広告宣伝とブランディングの違い
歯科医院は数が多くそのため経営が難しくなっていると言われていますが、そうした中どのように患者さんを集めるかを考えてみましょう。
ホームページはありますか?
歯科医院の数が多いことを表現するのに「コンビニより多い」という言い方があります。歯科医院の過当競争を表すには便利かもしれませんが、コンビニと歯科医院では違いがあります。
何が違うかと言えば、一般消費者がスマホやパソコンを使ってコンビニの場所を検索することはあっても、どんな品揃えになっているのか、感じがいい店舗かどうか、店長はどんな人かといったことを調べ、そのうえで店を訪れるということはあまり考えられません。
しかし、歯科医院の場合、インターネットを介して医院の場所、診療時間などを確認するのはもちろん、医院の雰囲気や医師の印象やプロフィールなどを確認するのはごく当然のことになっています。そのうえで感じのいい医院を選択することになります。
この点を考えれば、インターネットを介した集客(集患)は重要です。そして、その際の大きな要素となるのが医院のホームページです。
最近では開業に合わせ、制作会社にホームページ作成を依頼する場合が多いですが、まだホームページを持っていない医院もあるようです。
「良い治療をしていれば患者さんは自然に集まる」という考えを持つ歯科医師さんもいらっしゃるかもしれません。そして、実際に良い治療があれば口コミなどで足を運ぶ人はいるかと思います。
しかし、インターネットで多くの情報が得られ比較検討ができる今、「良い治療」があることを発信することは大切です。選択肢が多い中、患者さんに受診先として選んでもらうためにはホームページは有効です。まだホームページを持っていない場合、ぜひホームページの作成をおすすめします。
ホームページの作成にあたっての注意点
ただ、ホームページの作成にあたっては、いくつか注意が必要です。まず、自分の医院の特徴を検討し、何を前面におし出すかを決定することです。

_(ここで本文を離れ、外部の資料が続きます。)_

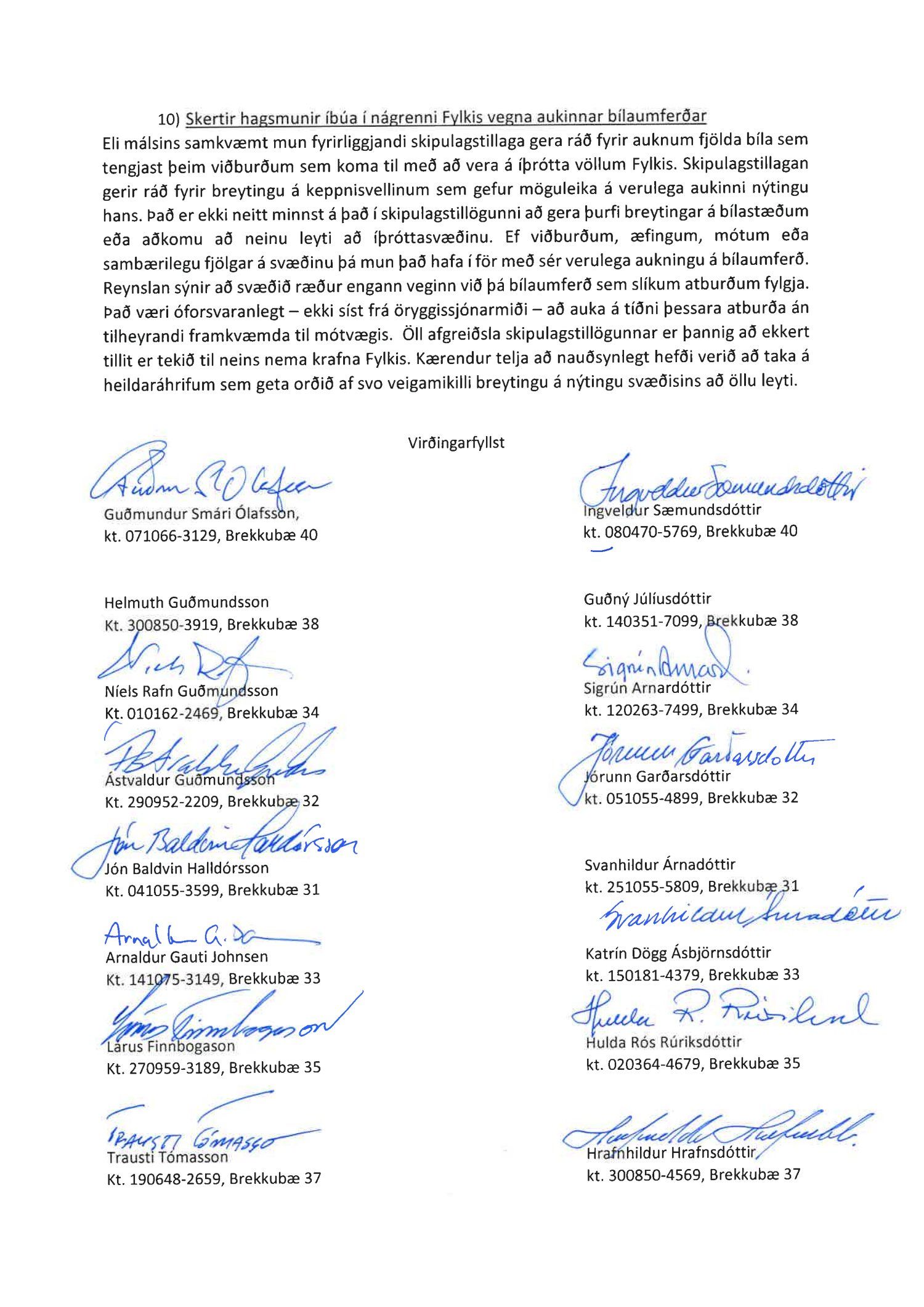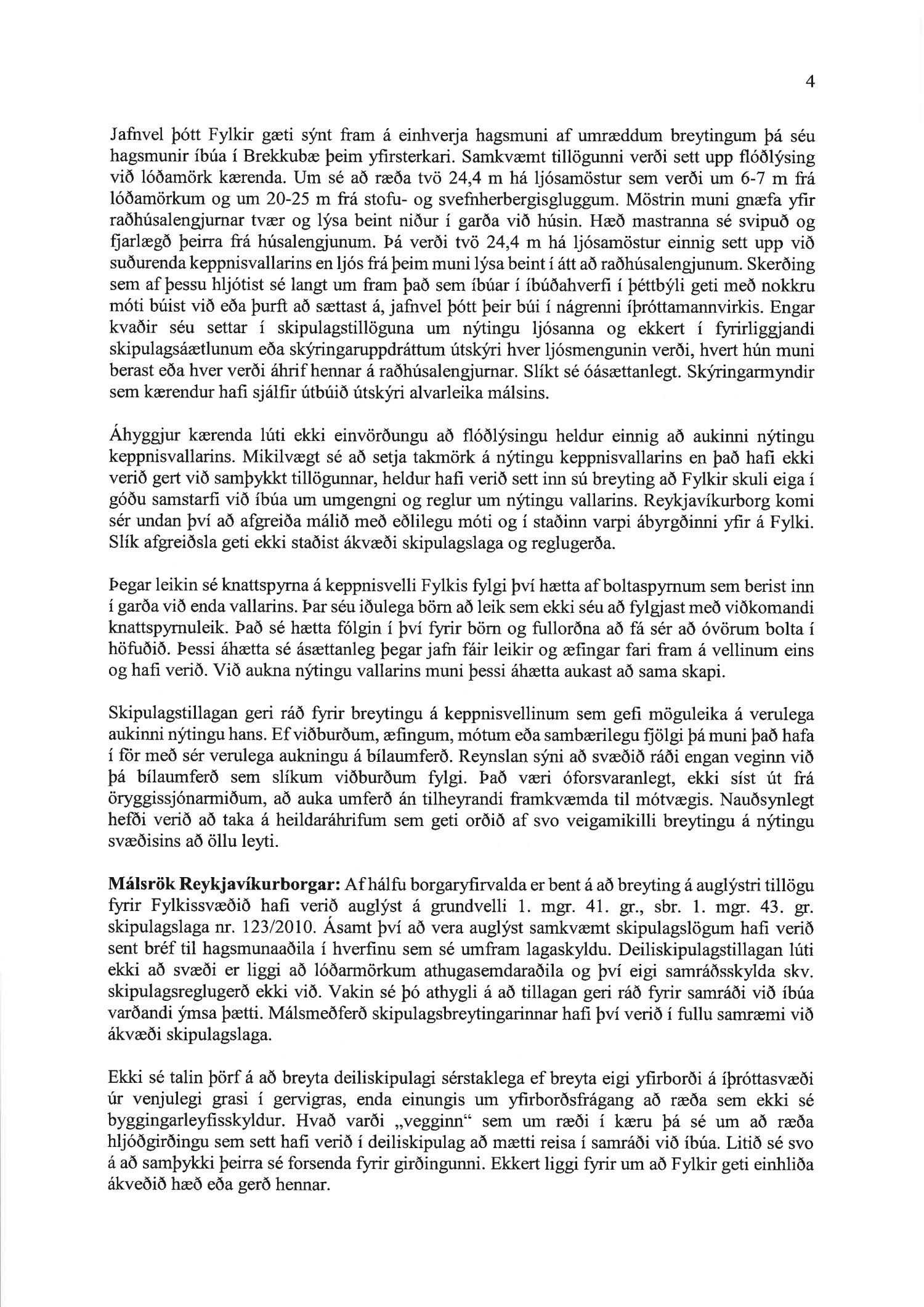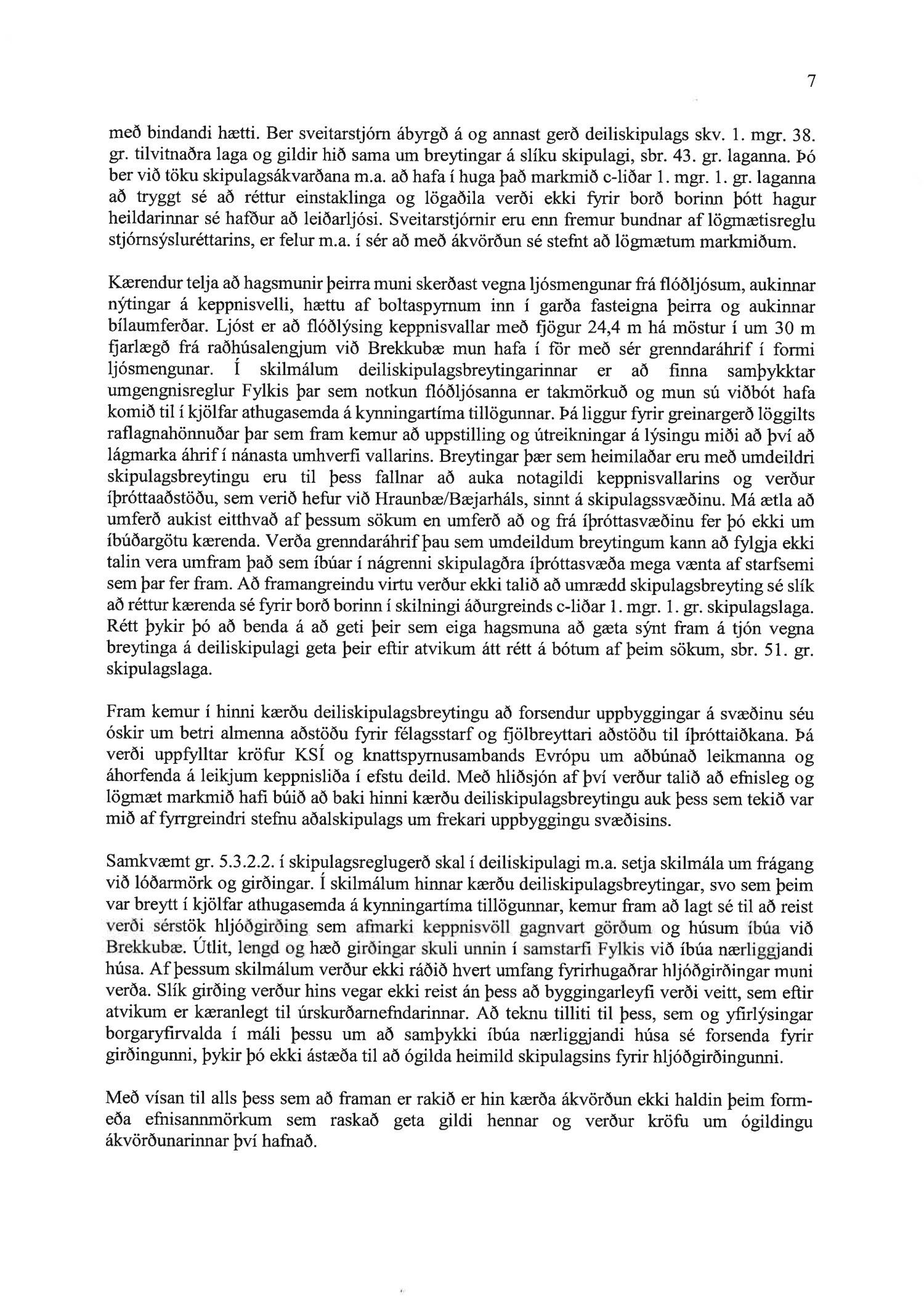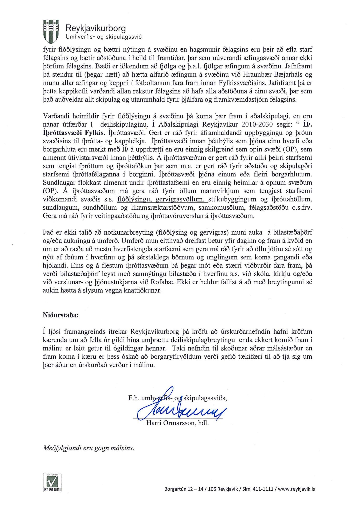 Hafnað er kröfu annarra kærenda um ógildingu ákvörðunar borgarráðs Reykjavíkur frá 26. október 2017 um að samþykkja breytingu á deiliskipulagi íþróttasvæðis Fylkis að Fylkisvegi 6.

たとえば義歯ということもあり、予防歯科ということもあり、あるいは親の代から地域で何十年も続いているということもあるでしょう。医院の良さを伝えようとすれば、さまざまな要素があると思いますが、その中から絞り込んだほうがアピール度が高いのです。
また、医院のホームページの文言等については「医療法及び医療広告ガイドライン」があり、たとえば書籍、雑誌などに掲載された「名医がいる歯科医院はココ!」といった記事をそのままホームページにのせることはできません。
「雑誌社等が評価した結果は、掲載されていない医療機関よりも優れた旨を示す比較優良広告になることから、原則、広告できない」ということになっているからです。ホームページの制作を依頼する際はこうした知識があり、歯科医院ホームページ作成経験の豊富な業者を選択しましょう。
ホームページの制作費は5万円程度から制作を請け負う会社もあり、また、プランによって20万~80万円という設定をしている会社もあります。気をつけたいのは「初期費用0円」という設定で、その代わりにたとえば「月額3万円で5年縛り」ということにしている会社もあることです。契約する前に、契約内容はよく確認する必要があります。
さまざまな集客方法
歯科医院は、地域の方に知っていただくことが大切です。その際、チラシの配布は効果があります。目的は地域における認知度の向上です。
たとえば、子供を対象にした「歯みがき講習会」などのイベントを企画し、そのチラシを配布し、
講習会を通して親近感や信頼を得ることができれば患者さんの増加につながります。
また、診察カードは患者さんの手元に残るものですから、診察時間、住所、電話番号だけではなく、ご自身の治療への想い、患者さんへのメッセージなどを記載するなど、より親しみやすい医院であることをアピールする工夫も大切です。
診療圏を絞った広告宣伝として、駅の看板、電柱広告、バス広告・バス車内放送なども効果を期待できます。
ところで、厚生労働省の調査によれば、医療機関の情報の入手先として最も多いのが「家族・知人・友人の口コミ」70.6%、次いで「医療機関が発信するインターネットの情報」21.1%、また、「医療機関・行政機関以外が発信するインターネット情報(SNS・電子掲示板・ブログの情報を含む)」12.0%となっています。口コミ70.6%、インターネット関連33.1%ということになります。
歯科医院の経営が厳しくなる中、歯科医院経営に特化したコンサルティング関連業者も増え、「良い治療をしていれば、患者さんは自然に集まるという考え方は古い」という点を強調する傾向にあります。もちろんそれには十分な理由があるわけですが、しかし「良い治療を」という医師の姿勢が感じられなければ、患者さんによる口コミが広がることもないでしょう。
やはり、基本となるのは「良い治療」であり、患者さんの多くがそうした情報を知りたいと願っているということになります。ご自分の医院の「良い治療」をより効果的に伝える広告宣伝を検討しましょう。